[Records from a data source]
⁂

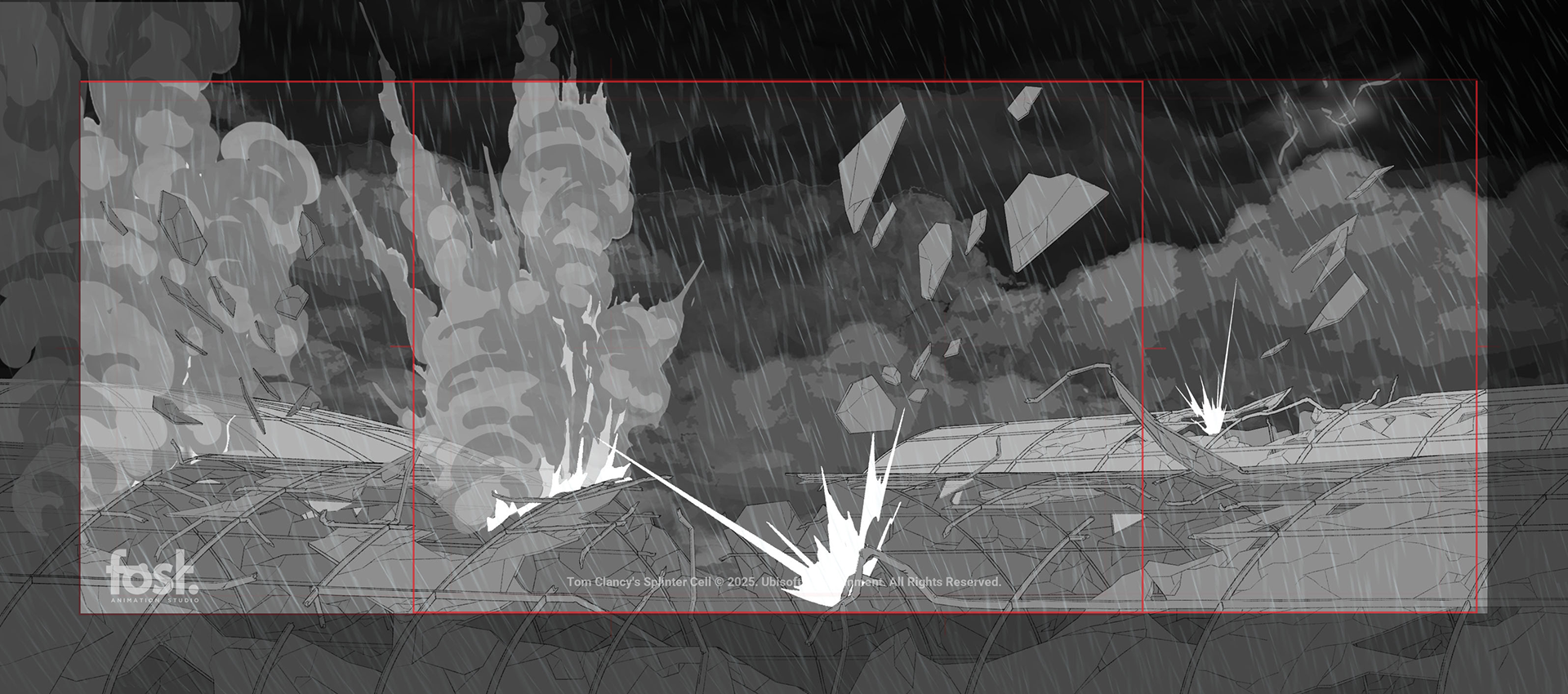I worked on this project for Netflix as a layout artist at FOST studio in 2023–2024. A anime series adaptation of the video game "Splinter Cell" produced by Ubisoft Film, directed by Guillaume Dousse and Félicien Colmet Daâge, with Benjamin Loirat as lead line artist.
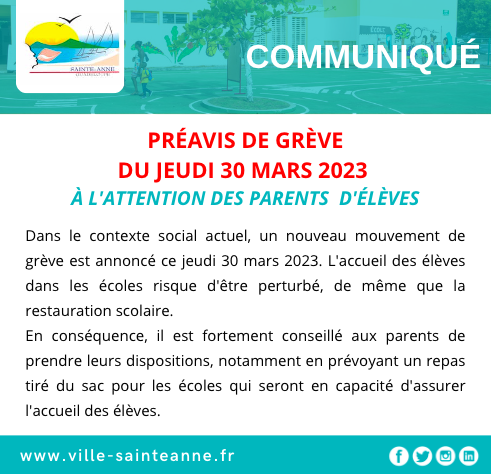 Dans le contexte social actuel, un mouvement de grève est annoncé ce jeudi 30 mars 2023. L’accueil des élèves dans les écoles risque d’être perturbé, de même que la restauration scolaire.
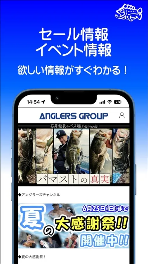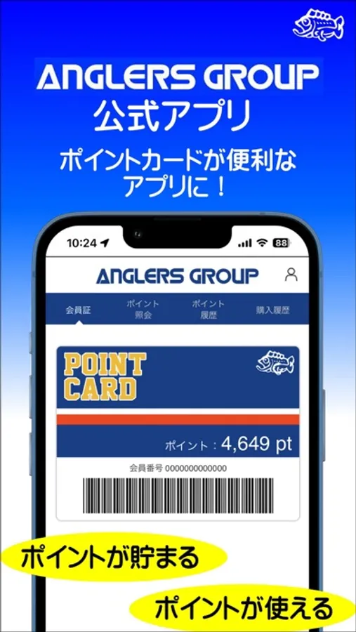 釣り具アングラーズ公式アプリは、関西以西を中心に幅広く展開するアングラーズグループ店舗にて会員証としてご利用いただけます。またイベントなどのお知らせやお得なクーポンをご利用いただけるアプリです。
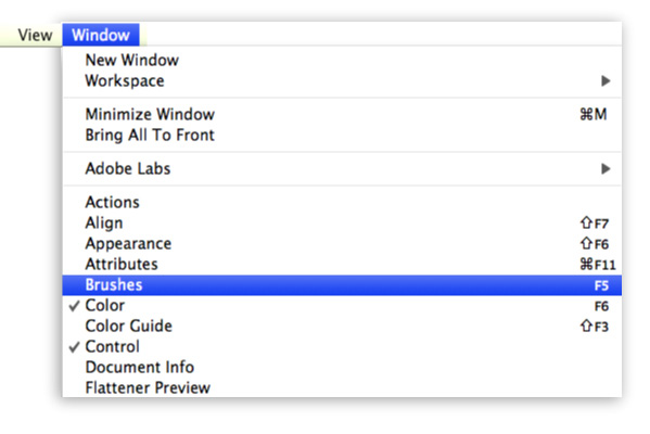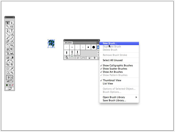 设置并描边为1pt,选择叶子,现在打开那个笔刷窗口,在顶右边的窗口有一个面朝下的小三角,点击它,选择笔刷…
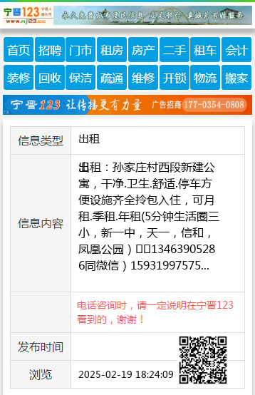 出租:孙家庄村西段新建公寓,干净.卫生.舒适.停车方便设施齐全拎包入住,可月租.季租.年租(5分钟生活圈三小,新一中,天一,信和,凤凰公园)☎️13463905286同微信)15931997575 【电话咨询时,请一定说明在宁晋123看到的,谢谢!】 |
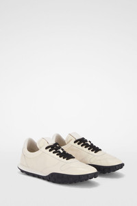 Low-top deerskin sneakers with rubber pebble outersole Details - round toe and lace-up front - mat wrinkle deerskin upper - nappa lining - rubber pebble outersole with embossed Jil Sander logo - fabric tongue with leather patch - Jil Sander logo embossed on back tab - Jil Sander logo branded insole - 100% deer - made in Italy - StyleID: J32WS0056P8178689

⁂

**REQUIRED WORK:** Each line from the one with "设置并描边为1pt,选择叶子" to the final line of the data above is to be printed exactly; no picture should appear in the copy.

**RESULT:**
 设置并描边为1pt,选择叶子,现在打开那个笔刷窗口,在顶右边的窗口有一个面朝下的小三角,点击它,选择笔刷…
 出租:孙家庄村西段新建公寓,干净.卫生.舒适.停车方便设施齐全拎包入住,可月租.季租.年租(5分钟生活圈三小,新一中,天一,信和,凤凰公园)☎️13463905286同微信)15931997575 【电话咨询时,请一定说明在宁晋123看到的,谢谢!】 |
 Low-top deerskin sneakers with rubber pebble outersole Details - round toe and lace-up front - mat wrinkle deerskin upper - nappa lining - rubber pebble outersole with embossed Jil Sander logo - fabric tongue with leather patch - Jil Sander logo embossed on back tab - Jil Sander logo branded insole - 100% deer - made in Italy - StyleID: J32WS0056P8178689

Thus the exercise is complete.